**PROBLEM STATEMENT:** In the records below, begin at the line containing "幼稚園のお友だちみんなが揃った遊戯室で、" and end at the line containing "The Merrill-Magee House, also"; quote every line in that span exactly, including both boundary lines, and no others.

**DATA TO USE:**
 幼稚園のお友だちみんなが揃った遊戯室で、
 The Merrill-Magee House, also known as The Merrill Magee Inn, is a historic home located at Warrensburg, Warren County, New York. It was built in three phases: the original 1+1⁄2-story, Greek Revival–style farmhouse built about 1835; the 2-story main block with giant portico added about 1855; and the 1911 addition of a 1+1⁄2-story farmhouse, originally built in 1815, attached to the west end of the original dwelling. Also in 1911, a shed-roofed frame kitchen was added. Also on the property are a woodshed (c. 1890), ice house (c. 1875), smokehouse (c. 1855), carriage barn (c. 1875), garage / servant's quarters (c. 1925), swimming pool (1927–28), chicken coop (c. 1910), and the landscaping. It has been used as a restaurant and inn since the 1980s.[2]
...
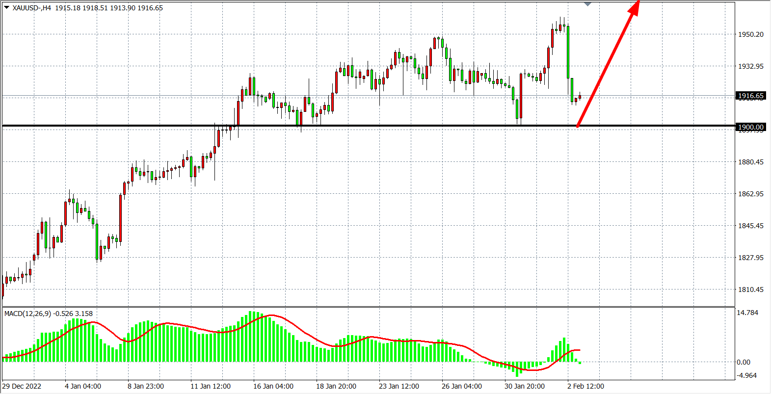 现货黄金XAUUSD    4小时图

**ANSWER SPACE:**
 幼稚園のお友だちみんなが揃った遊戯室で、
 The Merrill-Magee House, also known as The Merrill Magee Inn, is a historic home located at Warrensburg, Warren County, New York. It was built in three phases: the original 1+1⁄2-story, Greek Revival–style farmhouse built about 1835; the 2-story main block with giant portico added about 1855; and the 1911 addition of a 1+1⁄2-story farmhouse, originally built in 1815, attached to the west end of the original dwelling. Also in 1911, a shed-roofed frame kitchen was added. Also on the property are a woodshed (c. 1890), ice house (c. 1875), smokehouse (c. 1855), carriage barn (c. 1875), garage / servant's quarters (c. 1925), swimming pool (1927–28), chicken coop (c. 1910), and the landscaping. It has been used as a restaurant and inn since the 1980s.[2]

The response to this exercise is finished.